We live in a precarious economic age. The foresight and vision created by the chambers created a model worth suggesting that other local groups, like local fire departments, police units and school districts, might consider. Evaluating the merits of what actions could be taken deserves consideration by the various boards and agencies that are responsible for fire, police and school units.
If Washtenaw County’s school systems were under one local group, educational expenses and jobs would be reviewed, rejuvenated. Perhaps, there could be one superintendent and one main office for all of Washtenaw County?
As it stands, the county has 10 separate public school systems. The Ann Arbor school district is proposing cutting 34 teachers and having pay-to-play sports in the 2010-11 fiscal year. The Ypsilanti school district must cut $6.4 million from its 2010 budget and is considering “repurposing” two schools.
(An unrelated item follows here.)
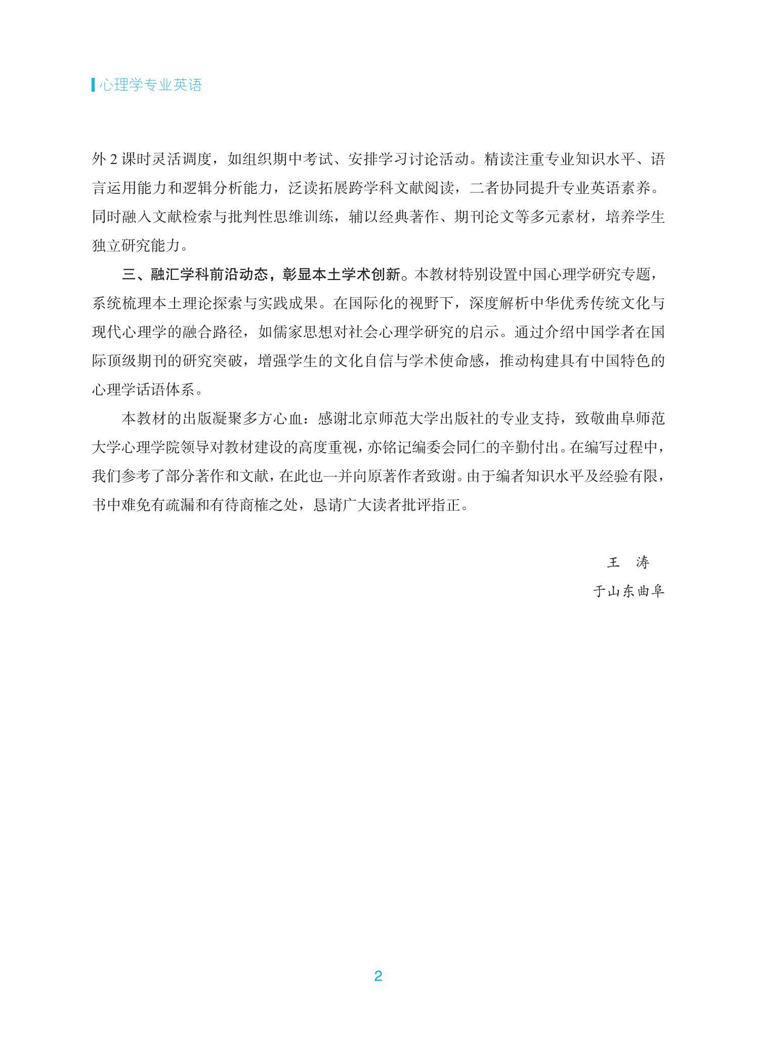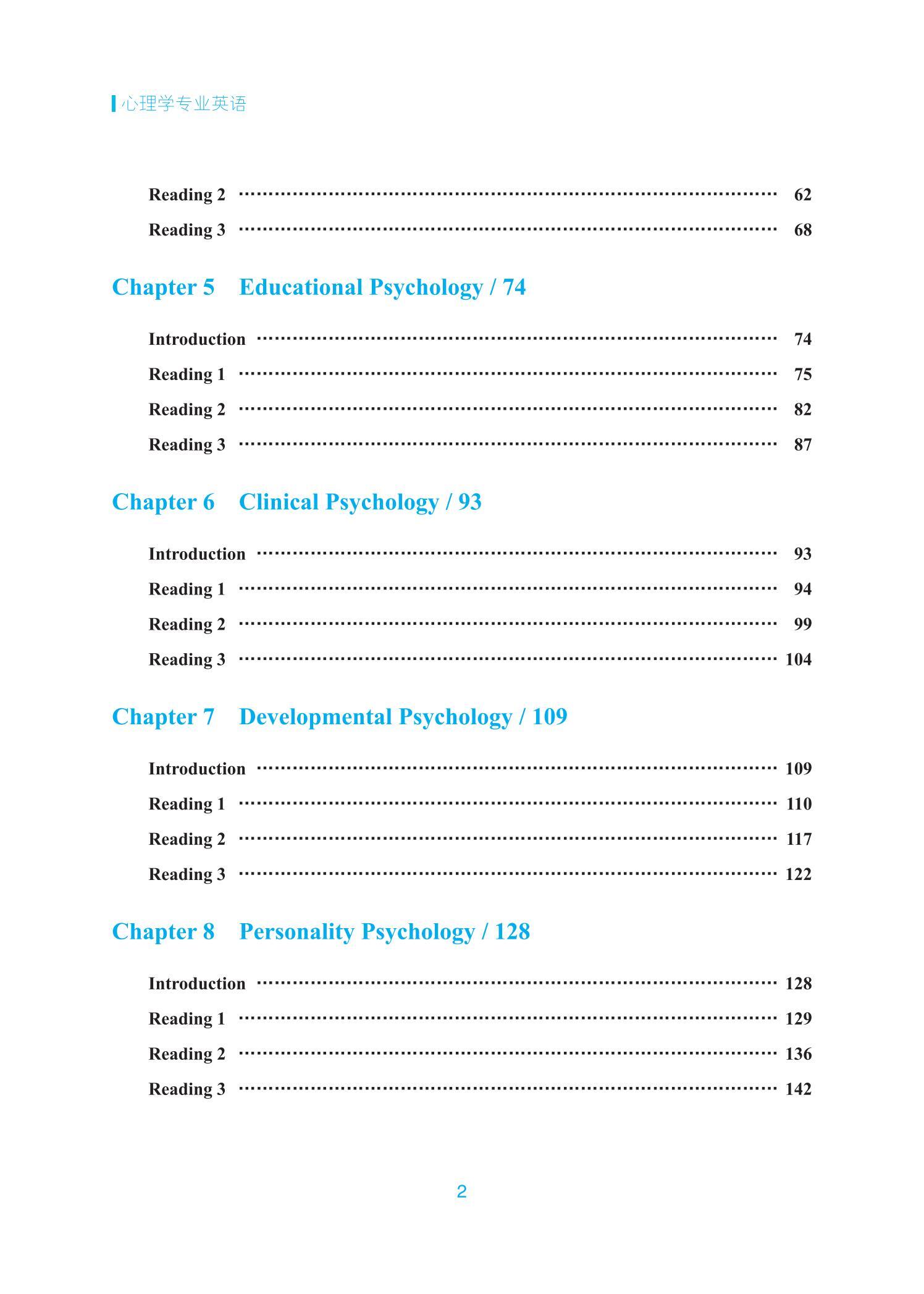 《心理学专业英语》是面向心理学专业的本科生和硕士生的心理学专业英语教材,力图培养学生运用英语处理心理学专业信息的能力,激发学术探索精神,引导学生成长为兼具专业素养与使命担当的心理学人才。
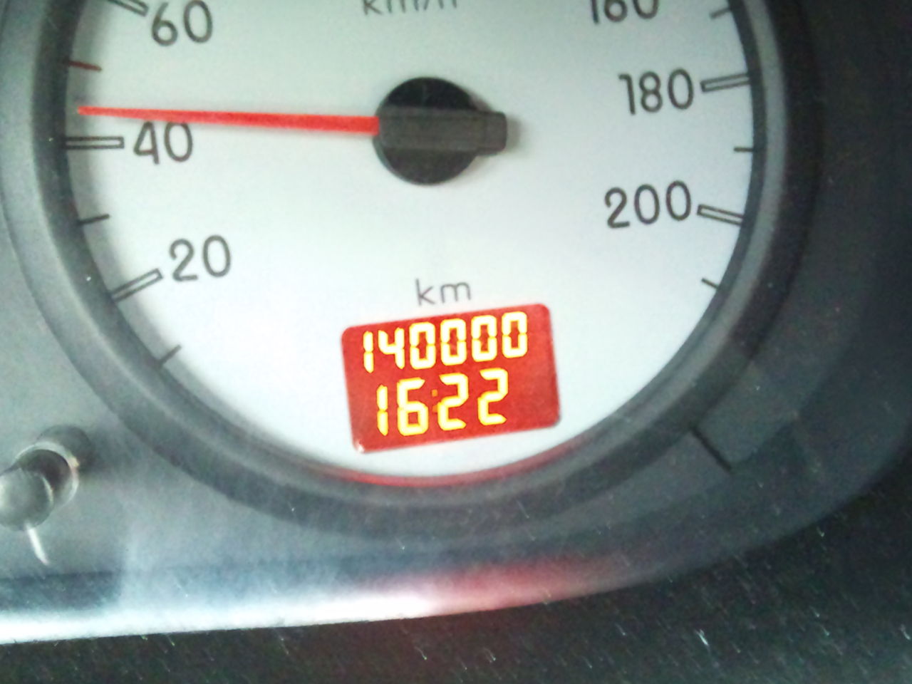ショップに向かう途中で、オドメータの数字が14万kmを示した。

If Ann Arbor’s and Ypsilanti’s school systems were to merge, or if all school systems in Washtenaw were to come under one central department, the schools would be able to eliminate a great amount of redundancy. Are we not seeking better and new ways top conduct our affairs?
Each school system in Washtenaw has one superintendent and a support staff, a total of 10 superintendents and staffs all responsible for the same basic activities.
When the chambers merged, it drew solid positive comments. It was a leadership step brought two very close communities together based on economic hard times and organizations that had grown unwieldy and redundant in some ways.
We as a community and a county should ask our boards and leaders at least to consider the message that merger created: visioning the future differently may not be bad after all. The public appears fed up with lots of issues across the country, and in our communities.
Adversity creates possibilities. We can turn them to opportunities and maybe some new realities.
Larry T. Eiler is co-founder, chairman and chief executive of Eiler Communications -- a new media public relations and marketing firm headquartered in Ann Arbor.